With the engine bored out and the installation of oversize rings and hydraulic lifters the problem was solved. The valves were also ground during this exercise.
When all the work was complete he mounted FR-70x14-inch radial tires on optional Cragar wheels set on the 109-inch wheelbase. The new tires provide superior performance and ride over the original bias-ply tires.
Since the refurbishing more than 20 years ago Mr. Bloss has driven his refreshed car to several local Mustang shows as well as on trips to Atlantic City, N.J., and vacations to the Pocono Mountains. The odometer now has recorded more than 110,000 miles.
With a 20-gallon gasoline tank to feed the V-8, Mr. Bloss reports overall mileage of about 17 miles per gallon.
Of course, that mileage figure doesn't apply when the high end of the 120 mph speedometer is challenged. "I know it'll do at least 110 mph," Mr.

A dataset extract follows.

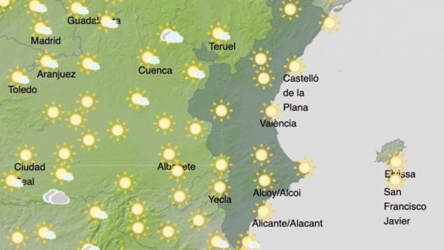 El punto más caliente de la Comunidad Valenciana será la localidad de Orihuela, en Alicante, donde se llegará a los 23 ºC durante las primeras horas del día. En Elche la máxima será de 22 ºC y en la capital de la Costa Blanca los termómetros se quedarán en 19 ºC. La mínima de la zona estará en Alcoy, donde se bajará hasta los 6 ºC. Las temperaturas también serán altas en la provincia de Valencia, donde se llegará a 22 ºC. La mínima será de 9 ºC en la capital y los termómetros bajarán hasta los 5 ºC en el interior, concretamente en Requena.

Bloss said.
Mr. Bloss, now married, has moved his family to Alexandria, Va. He has made a few alterations to the car for his personal pleasure but none that can't be easily undone.
The personal touches were made with Mr. Bloss' preteen son, Gary Junior, in mind. Both father and son like the long, chrome side exhaust pipes that permit a healthy rumble to roll out.
After more than two decades of work, Mr. Bloss has his Mustang in the condition he has long sought. Additionally, the engine is running strong.
Mr. Bloss has every intention of maintaining his sleek Mustang with the assistance of his son. Eventually, Mr. Bloss said, if Gary Jr. is receptive to the idea, the Mustang will be his.